North Carolina enforces § 14-177. Crime against nature against any person who "shall commit the crime against nature, with mankind or beast". North Carolina awards a punishment classified as a Class I felony upon successful conviction, with a presumptive imprisonment of two years.
The legislative intent and purpose of this section is to punish
persons who undertake by unnatural and indecent methods to gratify
a perverted and depraved sexual instinct which is an offense
against public decency and morality.
[State v. Stubbs, 266 N.C. 295, 145 S.E.2d 899 (1966)]
[State v. Adams, 299 N.C. 699, 264 S.E.2d 46 (1980)]
Unmarried persons are subject to prosecution for consensual fellatio
done in private.
[State v. Poe, 40 N.S. App. 385, 253 S.E.2d 843, cert. denied and
appeal dismissed, 298 N.C. 303, 259 S.E.2d 304 (1979), appeal dismissed,
445 U.S. 947, 100 S. Ct. 1593, 63 L. Ed. 2d 782 (1980)]
North Carolina also prohibits
Fornication
which includes "habitual intercourse" as proscribed behavior punishable
as a Class 2 misdemeanor.
[State v. Davenport, 225 N.v. 13, 33 S.E.2d 136 (1945)]

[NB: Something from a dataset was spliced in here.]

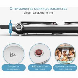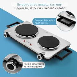 Мощност: общо 2500 W (1500 W + 1000 W); Плочи: 2 нагревателни зони; голяма: Ø 18 см, 1500 W; малка: Ø 15 см, 1000 W; Материал на корпуса: висококачествена неръждаема стомана; Контрол: плавно регулируем термостат; Индикация: LED контролни светлини; Защита: от прегряване + стабилни неплъзгащи се крачета; Допълнителни екстри: свалящи се Cool Touch дръжки; Размери: 59 x 28 x 7 см; Тегло: приблизително 4 кг; Захранване: 220–240 V, 50/60 Hz; Подходящ за: всякакъв вид съдове с плоско дъно; Поддръжка: лесно почистване с влажна кърпа; Гаранция: 12 месеца. |
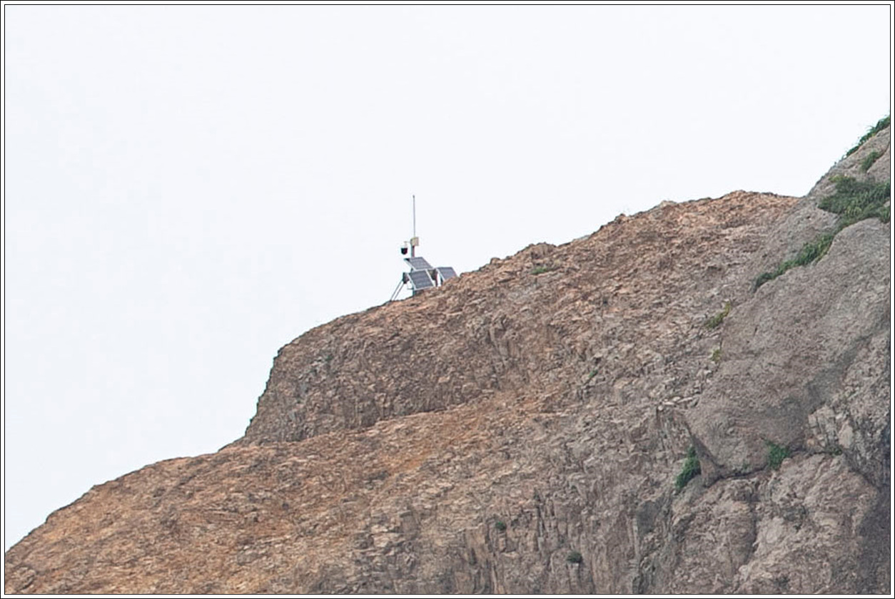 ▽ 소형의 태양열전지판이 설치되어 있고 감시카메라도 보인다. 특정도서로 지정되어 생태를 관찰할 목적으로 설치되어 있을 것으로 보인다.

[State v. Ivey, 230 N.C. 172, 52 S.E.2d 346 (1949)]
[State v. Kleiman, 241 N.C. 277, 85 S.E.2d 148 (1954)]
The privilege of marriage is explained to be an avoidance of prosecution
for legal access to habitual intercourse with one's sexual partner.
[State v. Robinson, 9 B.C. Appp. 433, 176 S.E.2d 253 (1970)]
It is also illegal for persons of the opposite sex to be
occupy the same bedroom at a hotel for immoral purposes.
The penalty after a successful conviction is a Class 2 misdemeanor.
This section may be constitutional because of the vagueness of the term
"immoral purposes" which would include immoral, but legal acts.